LA FELICIDAD
Hoy quiero recordar un cuento alegre, sin cerditos agobiados ni madrastras ansiosas de cirugía. Quiero recordar un abrazo cálido, un rebujado cariñoso del cabello infante reposado tibio sobre sábanas con olor a alcanfor y romero. Hoy quiero ser el niño feliz que sentía las manos ya descansadas de mi madre tras el largo día de la casa y sus empeños. Hoy quiero sentir de nuevo el roce de aquellos labios en la mejilla y el suave murmullo de las colchas de croché en la que se había invertido tiempo, afectos y mucho tridalia.
Un cuento alegre, tras haber sido mecido con tantos cuentos tristes, aunque con finales felices. Y me parece una meta tan ambiciosa recordar un cuento alegre que nada más repasar los años vividos incluso me parece un propósito inabordable. ¡Ay, qué dolor! Más doloroso que la memoria de la primera lluvia haciéndole un traje a la fachada de la casa de en frente, mientras yo, pequeño e incapaz aún para irme hacia la vida, colonizaba el vidrio de mi ventana de campos de vaho, pizarra para mis dedos aprendices de calígrafo.
¡La lluvia!
Desde mi ventana, desde mi tosferina o paperas, no recuerdo, porque mi memoria está ocupada en las imágenes de los escarceos de las gotas de lluvia en sus regatas en el cristal de la ventana, contemplaba cómo el cielo se ordeñaba sereno y constante. Tenía yo, por aquel tiempo, los ojos grandes como mi abuela y largas pestañas que a veces se cerraban como los apéndices de una planta carnívora. Y yo miraba con aquellos ojos de niño, aún vacíos, la calle de tierra empapada que comenzaba a hacerse minúsculas riadas por donde navegaban trocitos de madera, secas cápsulas, reservorios de coscos y barrilla que al mojarse se abrían y soltaban sus minúsculas semillas como un bombardeo de cargas de profundidad. Muchas de esas semillas se enterrarán en el barro y cuando les llegue el tiempo llenaran de verde la calle de tierra.
- ¡No te pegues al cristal! - grita mi madre desde la cocina.

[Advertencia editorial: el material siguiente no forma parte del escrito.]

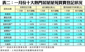 如按屋苑細分(見表二),屯門兆禧苑上月成交錄得9宗登記,較去年十二月份6宗成交按月增加50%,期內成交總值增加48%至約3,628.8萬元,成為上月最熱賣屋苑首位。

Siempre me he preguntado cómo las madres saben, ausentes y a distancia, lo que estamos haciendo, creo que tienen un sentido especial o algún sensor de movimiento que nos instala en las lunas que nos tiene a su merced en su vientre.
El cristal está frío y nublado de un denso vaho, en él hago dibujos efímeros con la yema de los dedos. Pizarra de enfermos, los cuadros de vidrio entretienen la congestión y el dolor de cabeza. La tos seca y el pecho roto es la banda sonora del cuarto que huele a medicamentos y a ropa planchada con los hierros. Afuera, Dios despacha agua con una generosidad nada acostumbrada, pues esta isla es un terregal seco y polvoriento, nido de vientos incubados por un sol constante.
Miraba hacia afuera, los ríos pertinaces que rasgaban el suelo duro y, de pronto, cruza por delante de mis ojos una niña, totalmente vestida de blanco y con una sonrisa soleada. Pego la cara al cristal y la veo de espaldas y la voy perdiendo y siento deseos de abrir la ventana para alongarme y no dejarla escapar de mis ojos. Suena el reloj de la abuela, que mi madre se llevó como herencia junto a un “tú y yo” de dos tazas bellamente esmaltadas, cuento las campanadas, diez. Y mentalmente uno esa hora al paso de la niña vestida de blanco y sonrisa soleada bajo la lluvia. Sé que los días que estaré enfermo, recluido en la habitación, llueva o no, pegaré mi rostro al cristal de la ventana un poco antes de las diez y esperaré a que la niña pase de nuevo.
Ya ven, soy incapaz de contar un cuento alegre. Hoy tengo 63 años y no sé cuántas horas extras, y no he vuelto a ver a la niña vestida de blanco y mirada soleada, me consuelo pensando que tal vez nunca ocurrió, que fue un destello cruel de la fiebre, lo prefiero antes de tener que admitir que tal vez nunca he sido feliz.